Cette réforme étant dans l’attente de sa ratification depuis plus d’un an, le Gouvernement a déposé, le 9 juin 2017, un projet de loi de ratification auprès du Sénat.
Force est de constater que ce projet de loi ne se contente pas de ratifier les termes de l’ordonnance mais y apporte des modifications substantielles, telles que sur la définition du contrat d’adhésion, la condition stipulée à son profit exclusif ou encore l’application de cette réforme dans le temps (cf billet de blog de C.Clavaud, Réforme du droit des contrats- adoption du projet de loi de ratification par le Sénat « une réforme de la réforme).
Après avoir été adopté en première lecture par le Sénat, le projet de loi de ratification vient lui-même d’être modifié par l’Assemblée Nationale.
Alors que le Sénat avait pris le soin d’indiquer un délai précis et de supprimer la notion de « délai raisonnable » que l’on retrouvait aussi bien pour l’action interrogatoire du pacte de préférence (article 1123 du code civil) que dans le cadre de la demande de confirmation des pouvoirs du représentant (article 1158 du code civil), l’Assemblée Nationale considère de manière surprenante qu’il serait préférable de laisser cette notion pourtant floue et génératrice de contentieux plutôt que d’indiquer un quelconque délai.
Dans le même sens, l’Assemblée Nationale ne souhaite pas préciser la notion d’ «attentes légitimes des parties » relative à la qualité de la prestation attendue par son cocontractant.
S’agissant de l’application de la réforme dans le temps, l’Assemblée Nationale souhaite également revenir aux termes de l’ordonnance et supprimer la précision apportée par le Sénat « y compris pour leurs effets légaux et pour les dispositions d’ordre public » qui visait à contrer la jurisprudence de la Cour de cassation tendant à appliquer la réforme aux contrats en cours.

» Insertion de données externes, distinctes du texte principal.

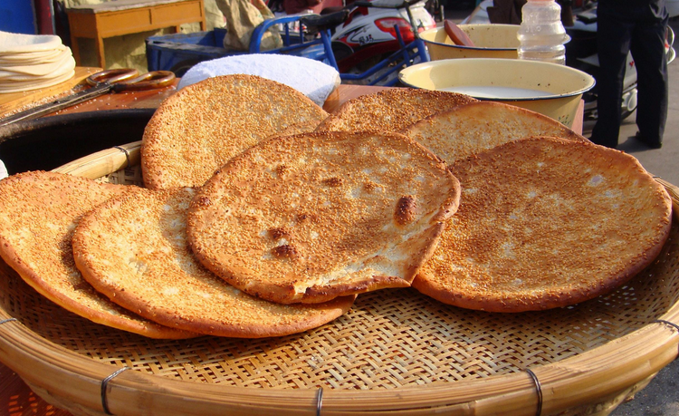 青稞饼是用青稞面调制烘烤而成,色泽金黄,香甜可口。
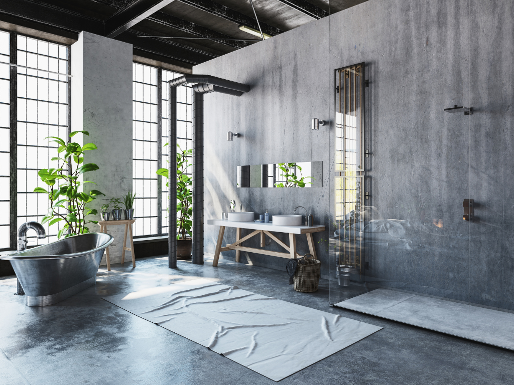 Industrializm to styl inspirowany fabrykami i magazynami. W łazienkach oznacza: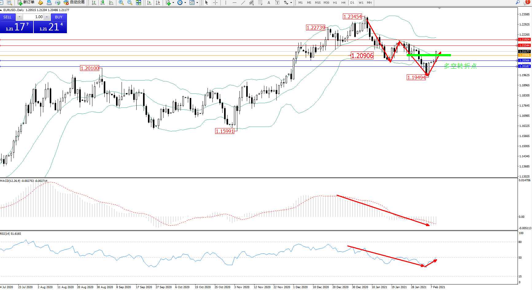 交易策略:1.20906上方看涨,目标1.21544、1.21924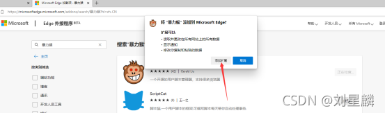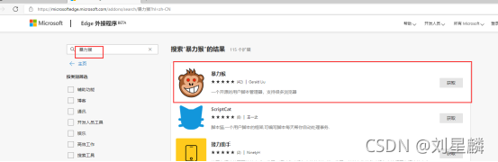第三步: 输入 暴力猴 点击搜索 选择之后 点击 获取 弹出框 选择 添加扩展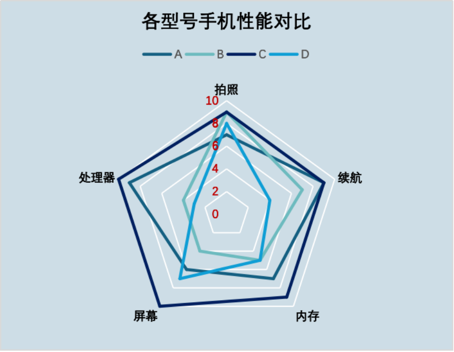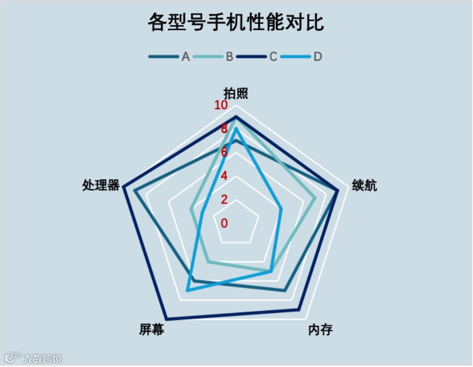 多维度对比---多个维度同时比较。例如,比较不同型号手机在拍照、续航、内存、屏幕、处理器等方面的综合表现。
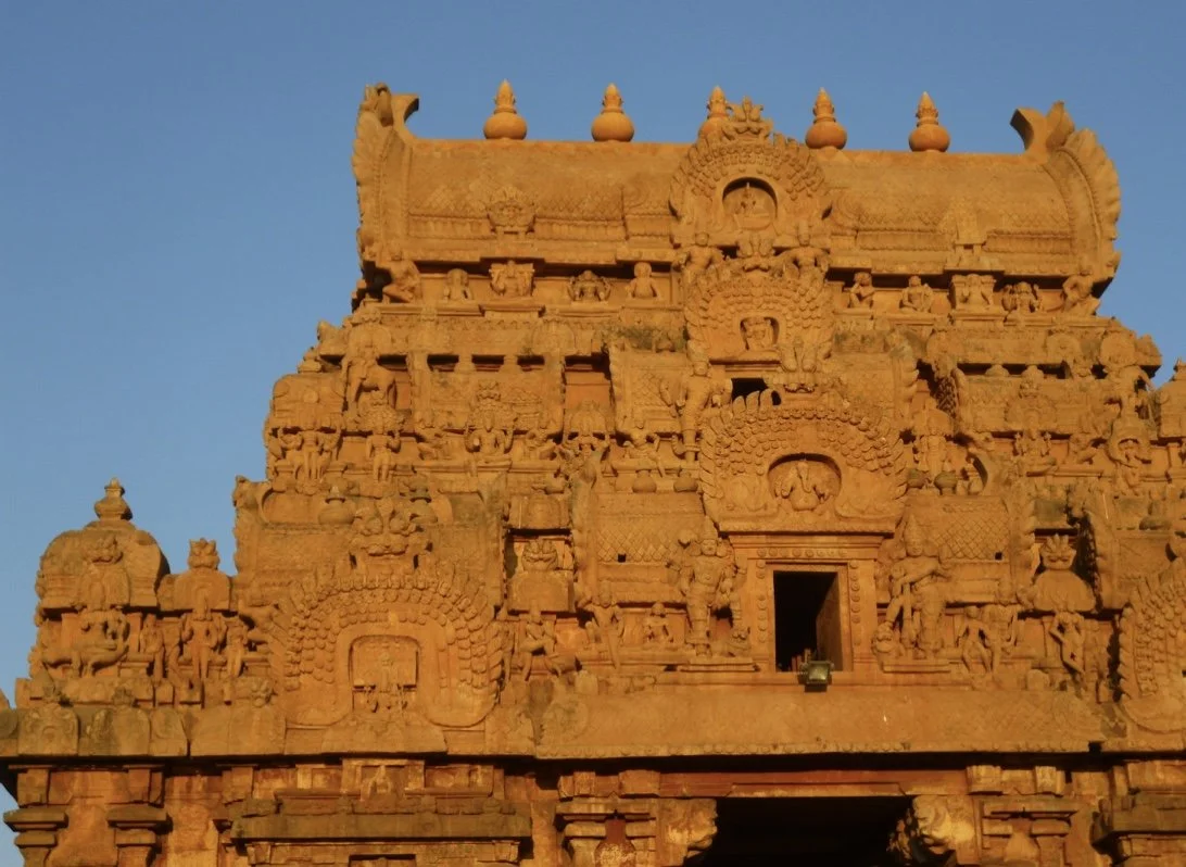 21: evening sunlight on a gopura at the temple at Thanjavur, Tamil Nadu.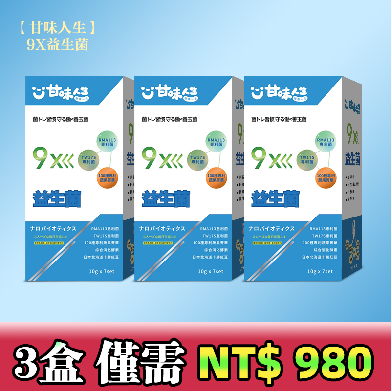 5分鐘前【甘味人生】9X益生菌 - 胡瓜輕鬆甩肉16公斤秘訣大公開 市售唯一次世代益生菌聯盟【益生菌+益生質+後生元】打造新時代益生菌纖瘦健康力 雙專利菌 加專利蔬果菁華 排便順暢 維持消化道機能 綜合消化酵素:幫助消化 燃燒代謝 佰億好菌 全家人都可以吃 9大菌株 6大專利 3大功能面面俱到 越活越青春!【10gx7set】 - 3盒 買二送一【甘味人生】9X益生菌 【限量99组】暴瘦4-6公斤!!-僅需 NT$980 【99%选择!!】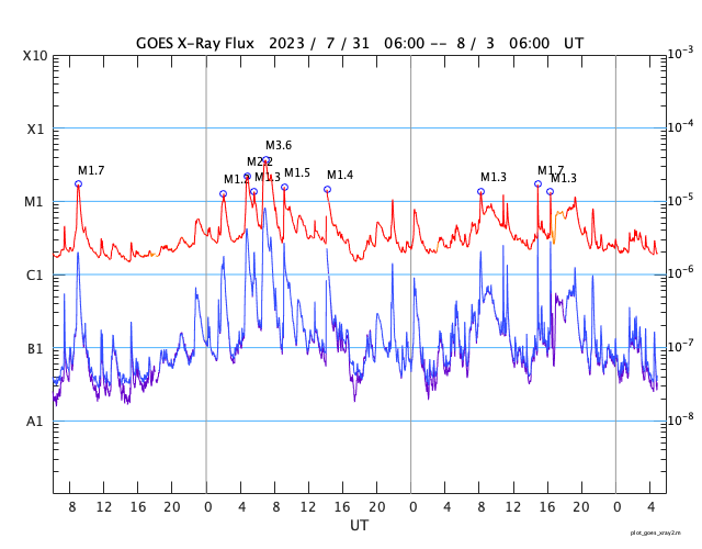 GOES衛星の太陽X線強度。赤・橙 = 0.1〜0.8 nm、青・紫 = 0.05〜0.4 nm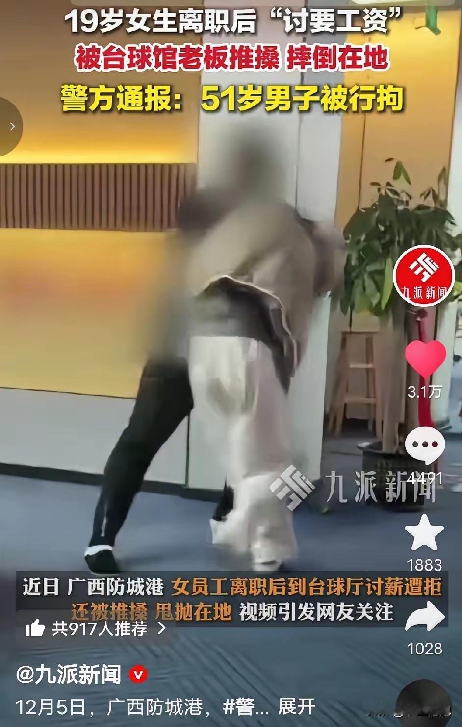 19岁女生讨薪被51岁老板“揪衣领甩摔”!台球厅满地球杆散落,警方刑拘,6人上万血汗钱该拿吗? 广西防城港有家台球厅,19岁的小杜和另外5个女生被辞退后,老板欠了她们一万多工资不给。小杜上门要钱,被老板揪着衣领甩在地上,监控都拍下来了,老板还在群里骂她们,说“打她们跟扔垃圾似的”。 这一万多是6个人做助教、前台赚的血汗钱,她们每天站到深夜,摆球摆得腰酸。有的是刚毕业的学生,有的想帮家里减轻负担,结果老板不光不给钱,还动手打人,就是觉得年轻人好欺负。 之前有个外卖小哥,为了200块超时罚款,在商家门口站了三小时,被老板泼水赶出来,他说这钱是自己跑十单赚的。和小杜一样,不是缺这点钱,是咽不下劳动被当笑话的气。 有人说老板有难处,但监控里他甩人的狠劲,和被警察带走后的怂样完全不一样,之前说没钱,警察一介入,转钱特别快。这不是难处,是觉得动手能吓退人。 老板在群里说“打她们像扔垃圾”,比动手更伤人。6个女生做台球助教,帮客人摆球、教打球,凭劳动赚钱,却被说“不正经”。不能因为是年轻女孩做服务工作,就活该被欠薪、被打。 现在老板被拘留,工资也给了,但小杜说工资给了,打人的事不能算完。这是给打工人争口气:能吃苦加班,但不能被随便拿捏。 还有个保洁阿姨,擦了三个月玻璃,老板不给工资还说“这点活儿不值钱”,阿姨把擦窗工具摆公司门口,最后在劳动监察帮助下拿回了钱。讨薪不是闹事,是维护自己的权利。 一万多对老板是几顿酒钱,对6个女生是房租、弟弟的文具钱、妈妈的降压药钱。她们的辛苦不该被当成“活该”,老板打人只换几天拘留,这事儿得说道说道。 各位读者你们怎么看?欢迎在评论区讨论。 来源: 九派新闻 声明:本文内容均是根据媒体披露资料,结合个人观点撰写的原创内容,文末已标注文献来源及截图,请知悉。 非法讨薪 台球厅被打 女员工讨薪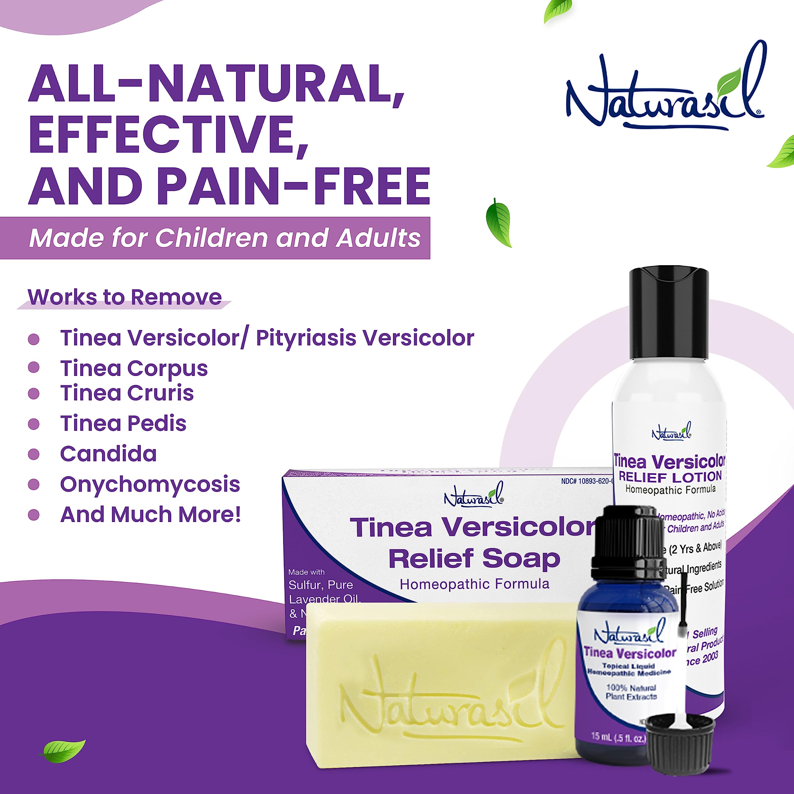 How to Use – For best results, cleanse with Naturasil Tinea Versicolor Soap before application. Apply lotion three times per day to the desired area. Shake well before each use. Exposure to natural sunlight may help support the skin’s appearance and tone.
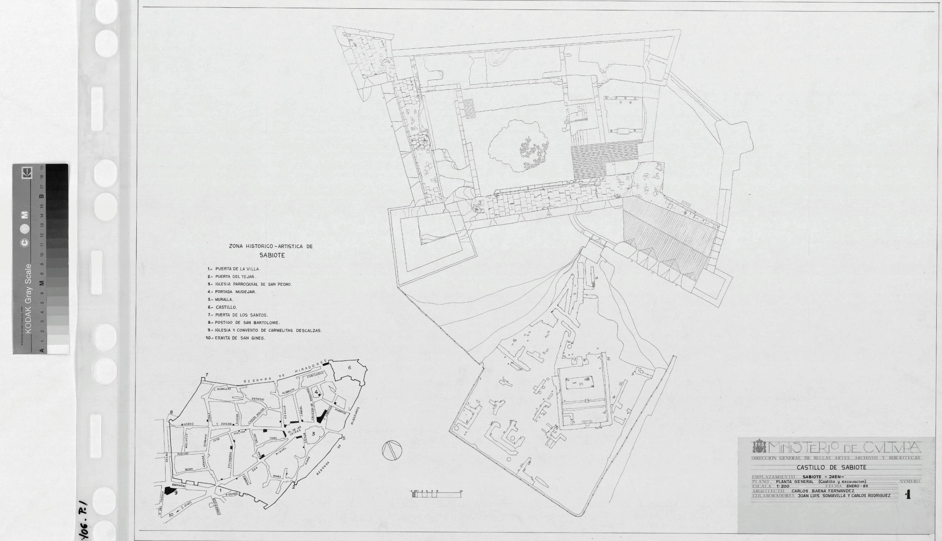 CASTILLO DE SABIOTE - JAEN -: PLANTA GENERAL ( CASTILLO Y EXCAVACIONES) . Plano , donde aparece una representacion de una zona historica artistica de Sabiote, y una planta del castillo, plano sin cotas.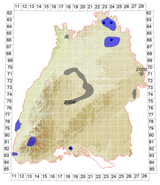 Schematische Verbreitung von O. germanica in Baden-Württemberg:
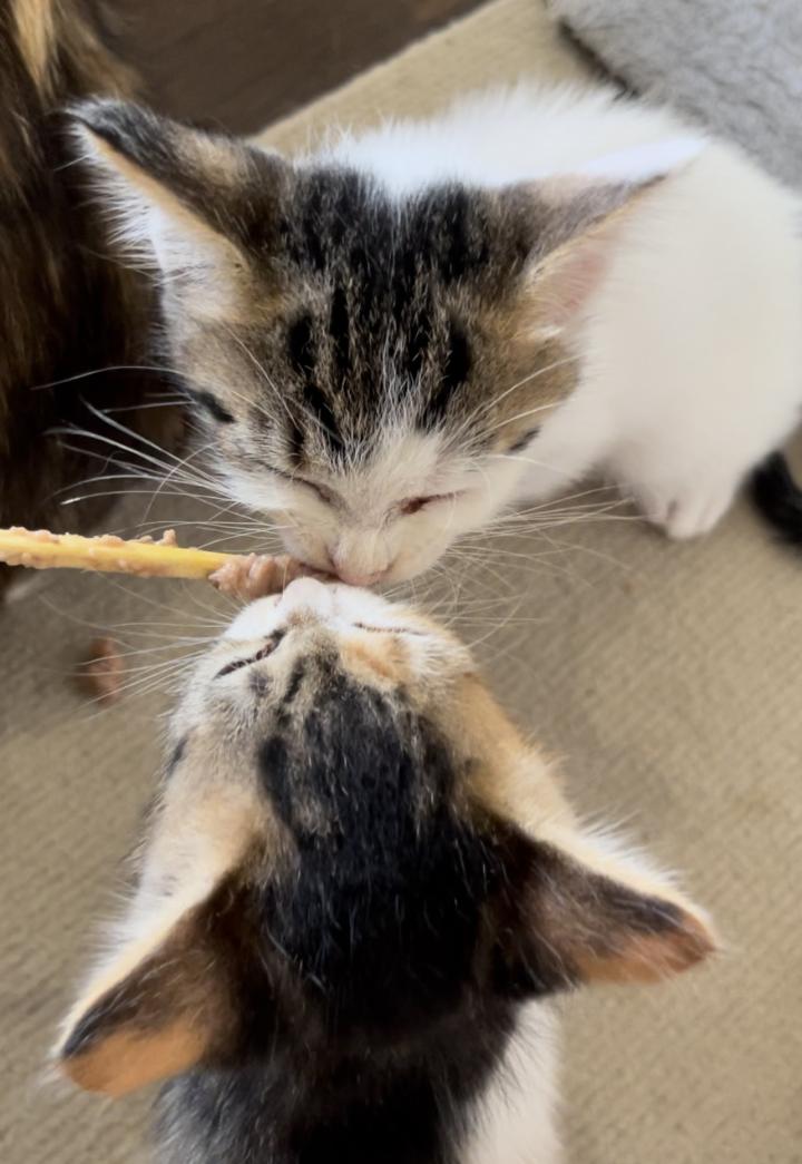 後ろではお皿から母三毛さんも同じウェットフードを食べております(*´꒳`*)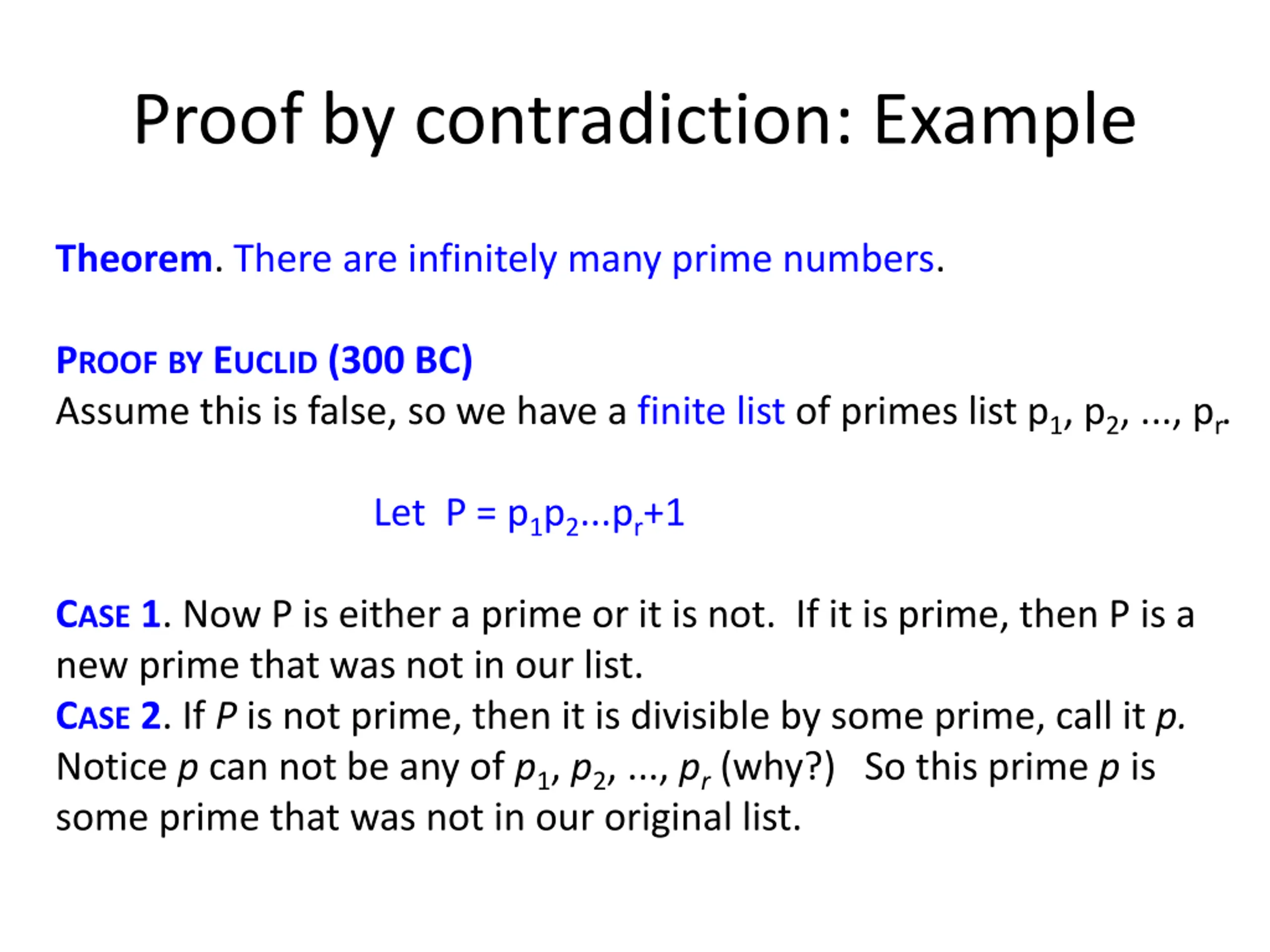 Proof by contradiction: Example Theorem. There are infinitely many prime numbers. PROOFBY EUCLID (300 BC) Assume this is false, so we have a finite list of primes list p1, p2, ..., pr. Let P = p1p2...pr+1 CASE 1. Now P is either a prime or it is not. If it is prime, then P is a new prime that was not in our list. CASE 2. If P is not prime, then it is divisible by some prime, call it p. Notice p can not be any of p1, p2, ..., pr (why?) So this prime p is some prime that was not in our original list.

L’Assemblée Nationale ne souhaite pas non plus suivre les préconisations du Sénat sur la modification de la notion de contrat d’adhésion et de l’actuel article 1171 du code civil.
Concernant le pouvoir du juge de réviser le contrat, l’Assemblée Nationale maintient les termes de l’ordonnance et ne le limite pas à la seule résolution du contrat, contrairement à l’avis du Sénat.
A l’inverse, l’Assemblée Nationale supprime la possibilité pour tout créancier de réduire le prix s’il considère que son cocontractant n’a pas totalement exécuté le contrat.
La modification unilatérale du contrat ne serait ainsi possible que par le juge.
Également dans un souci de sécurité juridique, en cas de cession de contrat, l’Assemblée Nationale précise que les sûretés données par le cédant disparaissent automatiquement par l’effet de la cession.
Enfin, de manière contradictoire, l’Assemblée Nationale souhaite suivre la jurisprudence relative à la notion de réticence dolosive, qui l’applique en cas de manquement à une obligation générale d’information, le Sénat l’ayant cantonné à l’obligation légale d’information, mais s’écarte de la jurisprudence en matière de caducité du contrat, le décès du destinataire d’une offre étant alors exclu par l’Assemblée Nationale comme cause de caducité du contrat.
Tels sont les principaux points restants en suspens et devant être tranchés par une commission mixte paritaire composée de députés et de sénateurs.
Le nouveau régime du droit des contrats semble donc loin d’être arrêté.
Force est de constater que ce n’est d’ailleurs que le 1er octobre 2018 que cette loi de ratification devrait in fine entrer en vigueur, soit deux ans après la réforme.